Two weeks to the day of her gaining her wings, she is finally home. Her pawprints will forever be in my heart and I miss her immensely.

I purchased this beautiful urn from perfectmemorials.com. It spins 360 degrees and has five slots to insert pictures of my furry baby. The top comes off and I put her remains, her paw print and her hair clippings inside. I also bought a pendant and put some of her ashes in it, now I can always  have her close to my heart.

Dymond, I’ll love you forever and always!!!!

Two weeks…

WOW!!!! It has been two weeks since my Dymond gained her wings. These two weeks have been the hardest this far in my life. The whirlwind of emotions are virtually indescribable, there will forever be a void in my heart. I know God is with me through this extremely difficult time and that brings me great joy and comfort. I have been focusing a lot on the wonderful moments (which was everyday) with my girl. Amongst the positive things, I have been working hard on my business (which has been two years in the making), where I create handmade pet keepsakes and home décor.

It has been amazing to be embraced by so many wonderful people, thank God for you guys, for reminding me that it is okay to cry, to be sad, to be happy, to smile, to remember, to love and to live.
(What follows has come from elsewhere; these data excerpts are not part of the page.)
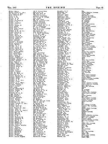 SPHINX B r o o k l y n , N . Y. Pittsburgh. Pa. X e n i a . Ohio Nashville, Tenn. L a n g s t o n . Okla. Tallahassee, Fla. Manhattan, Kansas Nashville, Tenn. Chicago, 111. L i t t l e Rock, A r k . J e f f e r s o n City. Mo. Y o u n g s t o w n , Ohio W a s h i n g t o n 17, D. C. Memphis, Tenn. G r e e n s b o r o , N . C. G r e e n s b o r o . N . C. K a n s a s City, K a n s a s Fort Worth, Texas Chicago. 111. C h a r l o t t e , N . C. D a y t o n a B e a c h . Fla. Baton Rouge, La. Alabama Baton Rouge, La. Los A n g e l e s . Calif. B a t o n Rouge, L a . M u s k o g e e . Okla. W a s h i n g t o n . D. C. New Orleans. La. W a s h i n g t o n , D . C. T u s k e g e e . Ala. Memphis, Tenn. St. L o u i s 13, Mo. D e t r o i t 2, Mich. Philadelphia, Pa. G u t h r i e , Okla. C o l u m b i a 13. S. C. Nashville. Tenn. Norfolk. Va. Los Angeles. Calif. W a s h i n g t o n , D. C. W a s h i n g t o n , D . C. Fort Worth, Texas A k r o n , Ohio S u m t e r , S. C. N e w O r l e a n s 19. La. Los A n g e l e s 16. Calif. B e r k e l e y . Calif. Chicago, 111. K a n s a s City. K a n s a s Frankfort. Ky. K a n s a s City. K a n s a s Rushville, Ind. Nashville. Tenn. W a s h i n g t o n . D. C. Memphis, Tenn. J e r s e y City. N. J . Marshall, T e x a s G r e e n w o o d , S. C. W i n s t o n - S a l e m . N. C. Philadelphia. Pa. R o x b u r y , Mass. M o n t g o m e r y . Ala. *-iasourgh. Pa. Nashville. Tenn. Guthrie, Oklahoma R o x b u r y . Mass. B r o o k l y n , N . Y. Chicago, 111. A k r o n , Ohio Gary. Indiana Memphis, Tenn. N e w York Citv D e t r o i t 10. Mich. N e w O r l e a n s . La. R i c h m o n d , Va. Memphis, Tenn. Detroit 2, Mich. Kentucky Pniiaaeipnia, Pa. Trenton, New Jersey C h a r l e s t o n , S. C. Gary. Indiana Ithaca. New York Westfield. N . J . Baton Rouge. La. E v a n s t o n , 111. D e t r o i t 12, Mich. Chicago, 111. B o s t o n , Mass. H o p k i n s v i l l e , Ky. Norfolk. Va. S a l i s b u r y , N . C. Texarkana. Ark. Hopkinsville. K y . Fort Worth. Texas Lincoln U n i v e r s i t y , P a C o l u m b u s , Ohio D e t r o i t 2, Mich. Memphis, Tenn. Albany. Georgia Washington. D. C A t l a n t a . Ga. Chicago, III. Los Angeles, Calif. T a c o m a 2. W a s h i n g t o n St. Louis, Mo. Tulsa, O k l a . L i t t l e Rock. A r k . Atlanta, Ga.
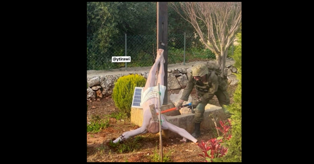 The picture, which quickly went viral on social media on Sunday, shows a soldier in uniform from the Israel Defense Forces hitting the head of a Jesus statue that had been taken off its cross in Debel, a Maronite Christian village about three miles from the Israeli border.
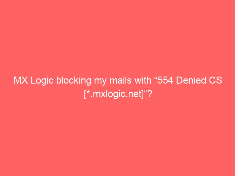 Your mails are blocked with the error message “554 Denied [CS] [*.mxlogic.net] (Mode: normal) (in reply to end of DATA command)” What does it mean? The mail was rejected by Mxlogic / Mcafee because of the content of the message. Try using different message
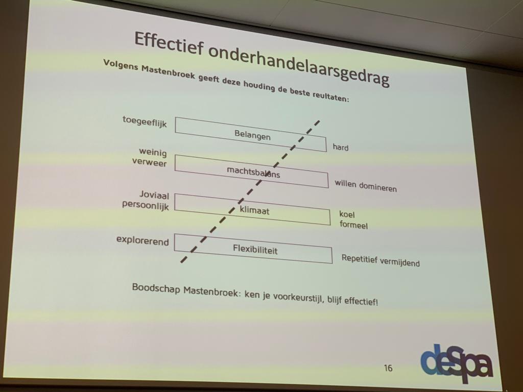 Naast de theorie met onder andere het model van Mastenbroek en de Harvard methode werd geregeld een casus in tweetallen bij de horens gevat. Op deze manier werd de drie uur amusant maar ook uiterst doeltreffend ingevuld met als doel om de grondbeginselen van het onderhandelen te leren kennen.
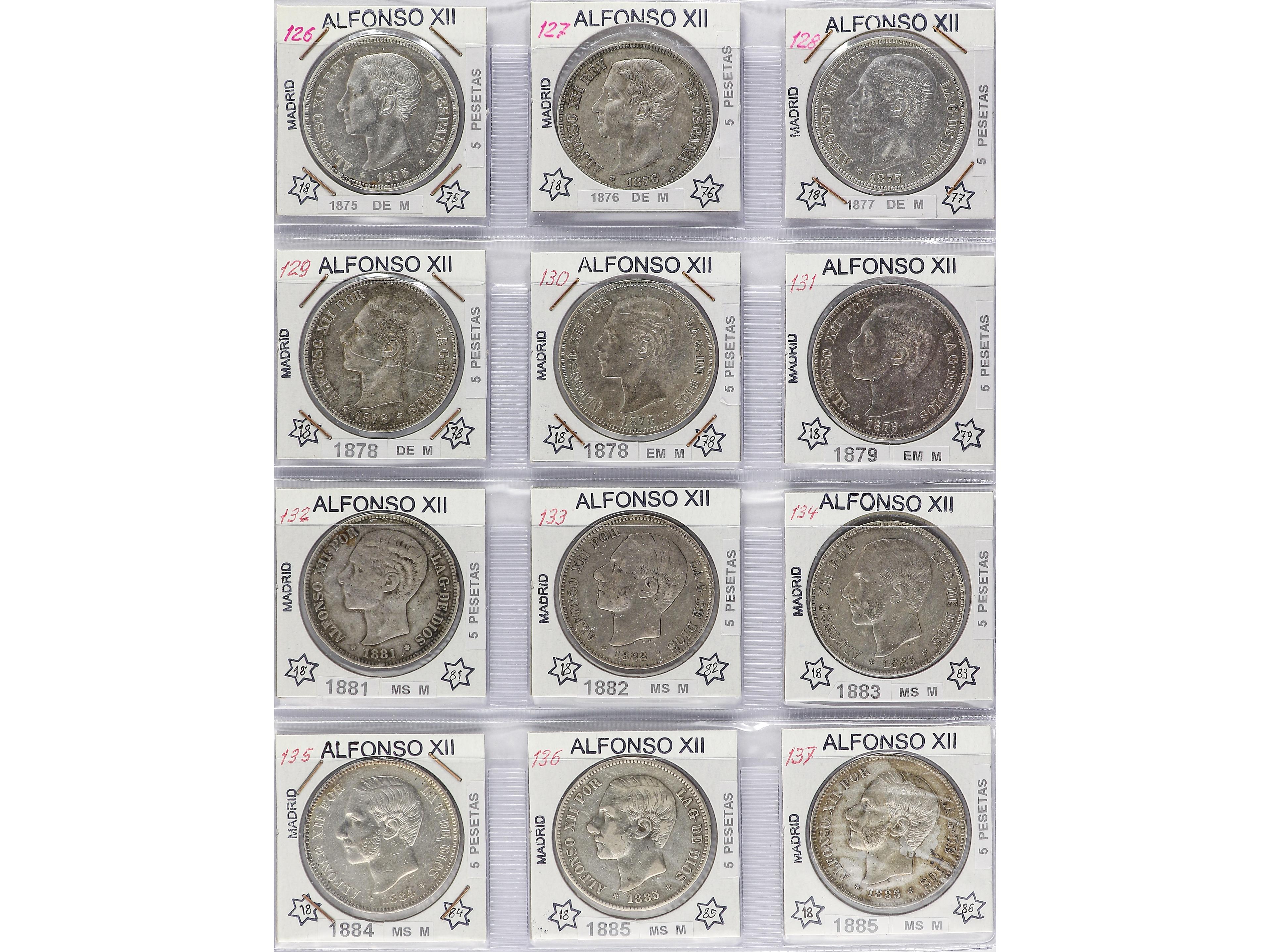 1882 imageLote 12 monedas 5 Pesetas. 1875 a 1885. Todas diferentes. La mayoría con cifras en las estrellas visibles. A EXAMINAR. MBC- a MBC+. (Image1) (Image2)
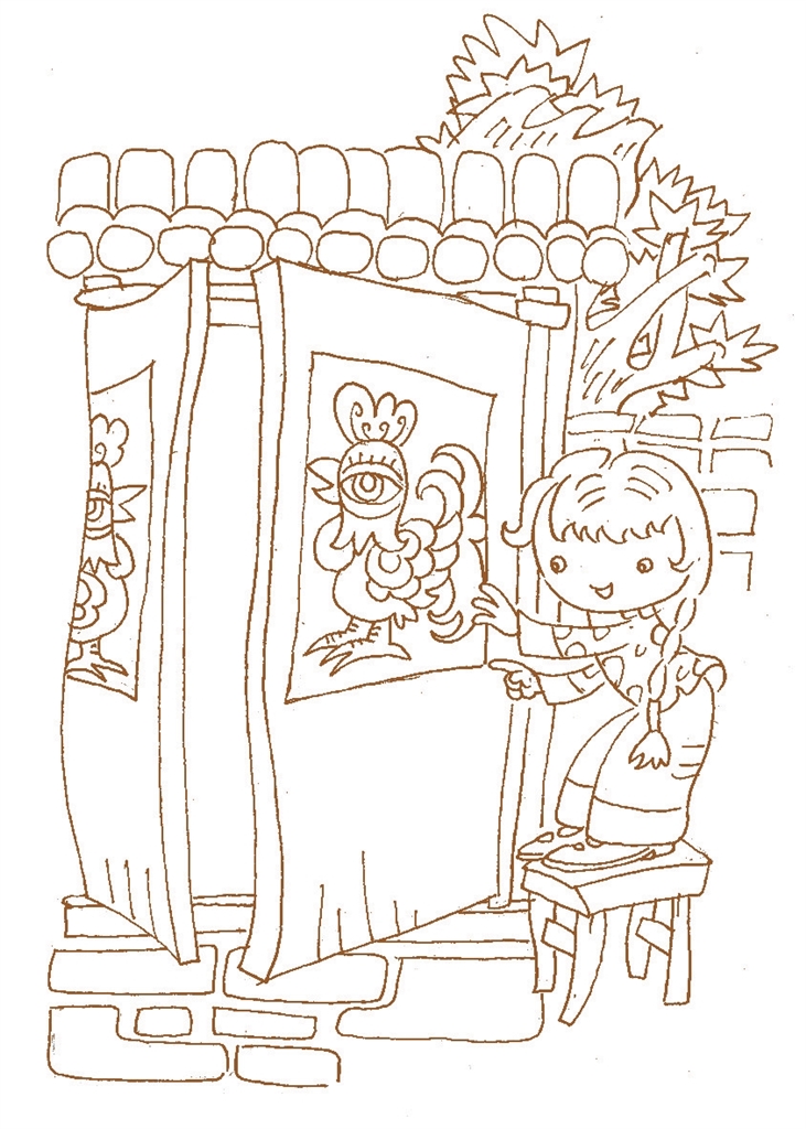 清明节时,家家户户的门上都要贴上一对剪纸红公鸡,左右门扇各一只,寓意雄鸡把门。春天万物复苏,村外的庄稼地里,蚰蜒、蝎子、壁虎、蟋蟀等虫蛇常常会闯入村民的院落。公鸡被称为百虫之敌,门口有雄鸡把门,虫害就不敢轻易进院侵扰人们的生活。因此,清明节贴公鸡辟邪防虫害的习俗应运而生。

I will forever be in debt to this site and to the selfless people who have restored my belief in the human spirit.

 

Not getting easier

Each day gets a little harder, not easier. Today I was reminded of the reason why I used to get up a little earlier every morning. I knew I needed extra time to care for Dymond, but now I get up and I have too much time to get myself ready. UGH…who said this gets easier?!? Every task and every morning I wake up just reminds me that her presence is so deeply missed. (((sigh))) Dymond you will always be my inspiration.

Setback…

Saturday, I felt better, meaning it was the first day I felt myself smile and feel a calmness. That was SO short lived because I woke up this morning in a funk and found myself sad again. Today it has been one week since Dymond’s passing and I am still so VERY sad. My Mom scheduled a memorial for Dymond tonight at rainbowsbridge.com (you can search her name) and it is for everyone, who has loved and lost a pet. Some of you may want to do this as well. 🙂

Thank you for the continued support, love, encouragement and uplifting sentiments. I greatly appreciate each of you, as you have made this transition that much easier to cope with.

Feeling guilty…

It has been 6 days since I lost my best friend. The one who never said a word, yet she helped me through so much.

Today seems a little better, but now I feel guilty because I smiled. I feel like I should be sad and crying. I feel like it is too soon to smile and too soon to laugh.